Keep the pictures out while you transcribe the listing below exactly.

═══ Data provided

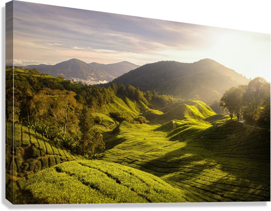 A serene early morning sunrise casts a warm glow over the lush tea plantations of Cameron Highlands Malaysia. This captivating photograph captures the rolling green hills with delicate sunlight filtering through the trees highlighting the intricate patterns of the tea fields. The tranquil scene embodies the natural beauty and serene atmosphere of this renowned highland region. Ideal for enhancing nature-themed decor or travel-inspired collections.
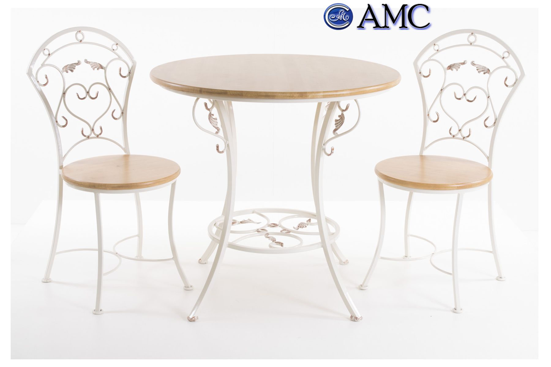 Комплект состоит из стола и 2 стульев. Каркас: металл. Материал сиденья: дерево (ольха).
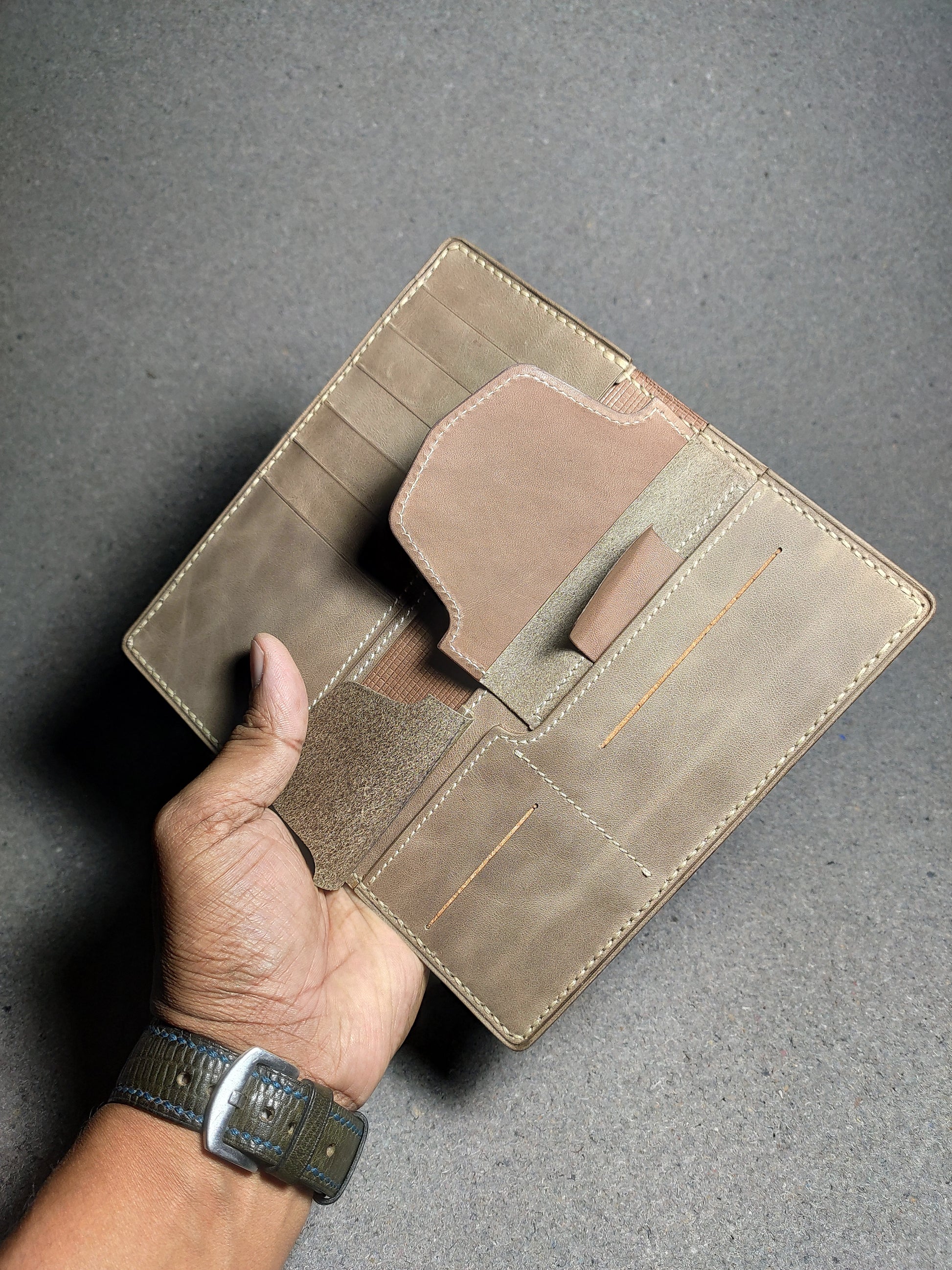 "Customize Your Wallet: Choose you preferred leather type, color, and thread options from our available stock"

══════

## Result
 A serene early morning sunrise casts a warm glow over the lush tea plantations of Cameron Highlands Malaysia. This captivating photograph captures the rolling green hills with delicate sunlight filtering through the trees highlighting the intricate patterns of the tea fields. The tranquil scene embodies the natural beauty and serene atmosphere of this renowned highland region. Ideal for enhancing nature-themed decor or travel-inspired collections.
 Комплект состоит из стола и 2 стульев. Каркас: металл. Материал сиденья: дерево (ольха).
 "Customize Your Wallet: Choose you preferred leather type, color, and thread options from our available stock"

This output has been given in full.